Athletes in the NCAA, tennis, boxing and MMA also received drugs from Bosch, according to Fischer.

But do not expect this to reverberate too much through college athletics. The big NCAA penalties, losing a season of competition and sitting out for a year, only come if an athlete tests positive in an NCAA-administered drug test.

If an institution learns through its own drug testing or gets other information that a student-athlete has used a banned substance, this bylaw applies:

A member institution’s athletics department staff members or others employed by the intercollegiate athletics program who have knowledge of a student-athlete’s use at any time of a substance on the list of banned drugs, as set forth in Bylaw 31.2.3.4, shall follow institutional procedures dealing with drug abuse or shall be subject to disciplinary or corrective action as set forth in Bylaw 19.5.

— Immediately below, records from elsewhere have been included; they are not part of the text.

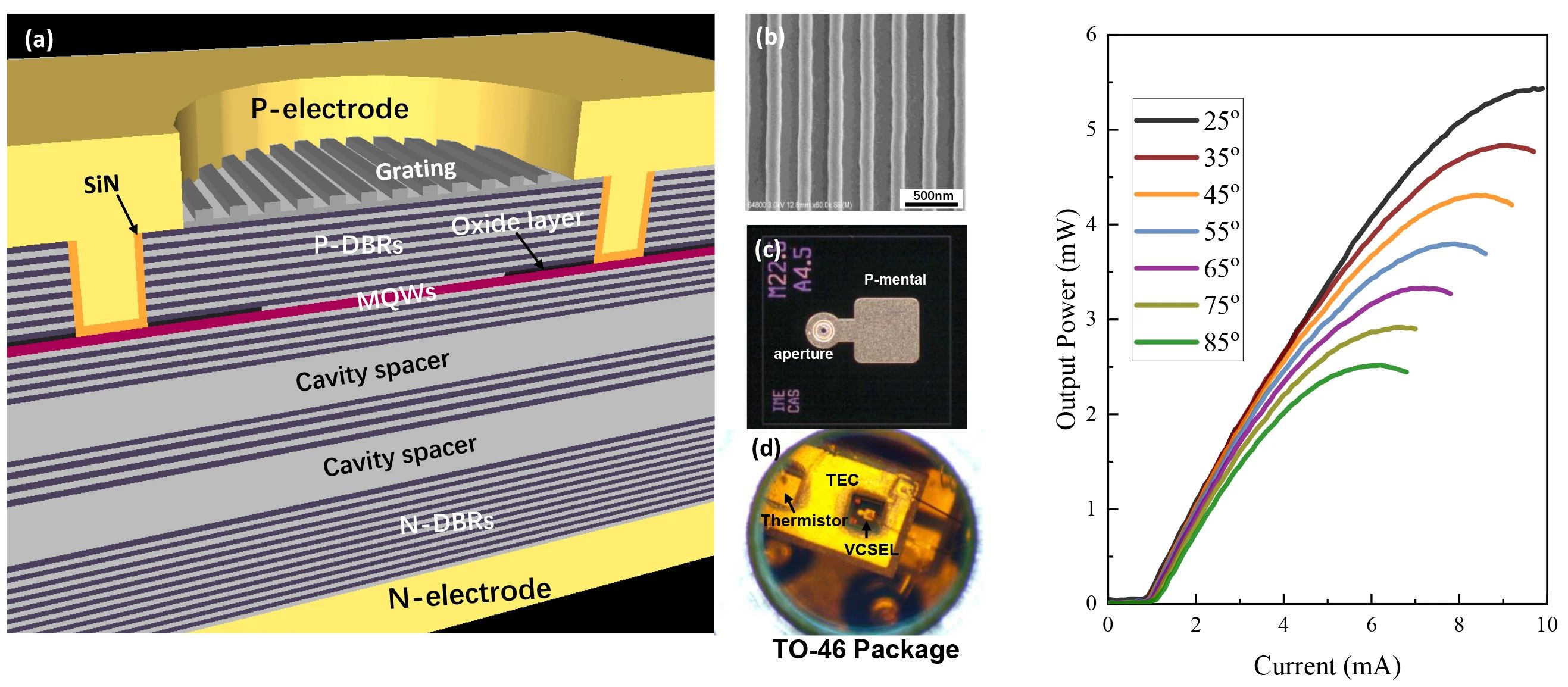 垂直腔面发射激光器(VCSELs)具有体积小、阈值电流低、波长随温度稳定、圆形光束和高可靠性等优点,是原子钟、原子磁力仪、原子陀螺仪等核心光源。但传统VCSEL的光谱线宽较宽,一般为50-100 MHz,无法与自然原子线宽(铯为5 MHz)匹配,限制了原子传感系统性能的进一步提升。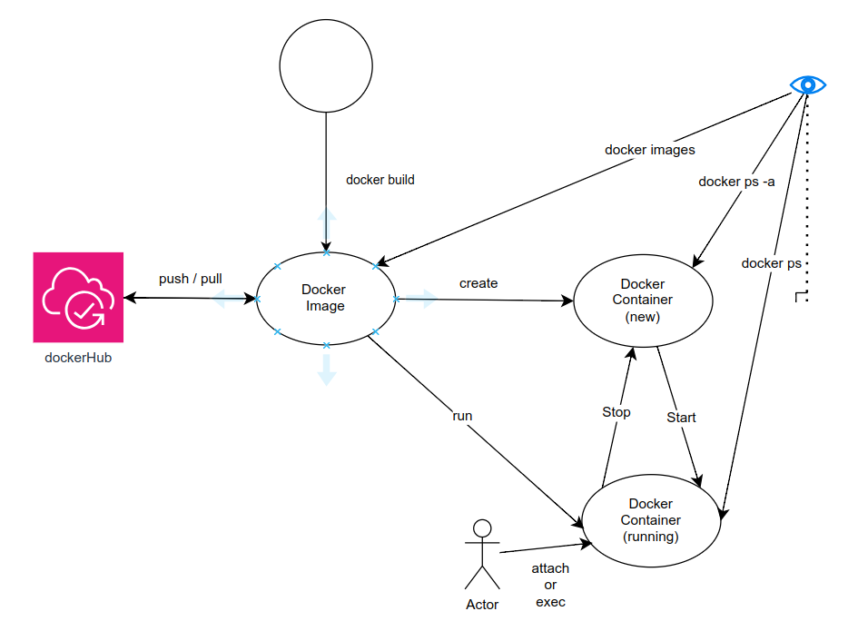 | Docker Registry | Docker Image를 저장하고 공유할 수 있는 저장소, Docker Hub가 대표적인 Docker Registry로, 이미지를 공개하거나 비공개로 저장 |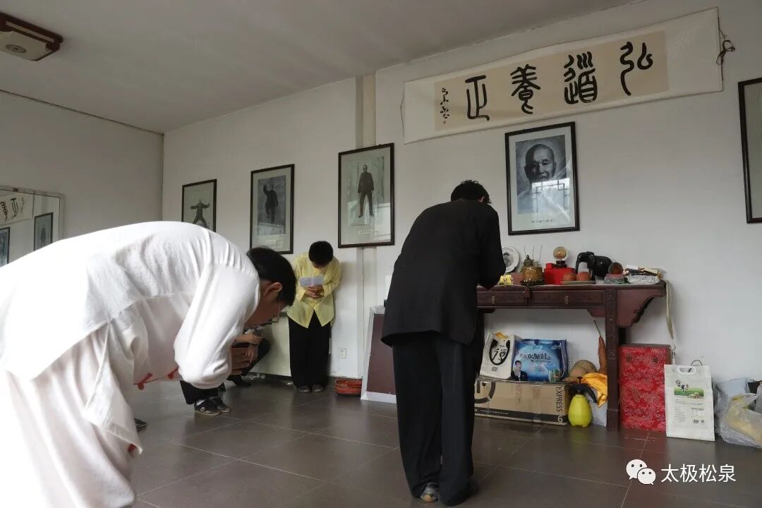 师父带领我虔诚拜祭先祖。一拜天,二拜地,三拜太极宗师陈照丕公,请求先祖保佑我们太极松泉团队。

So all the institution is required to do is put the athlete through its own drug policy, which may be even less severe without a positive test.

Athletes who might have received or purchased performance-enhancing drugs from Biogenesis are more likely to be in trouble with the law than anyone else. But any major impact in college sports is more likely to be longer-term, say through reform of drug policy to address situations where there is evidence an athlete used a banned substance, but no positive test.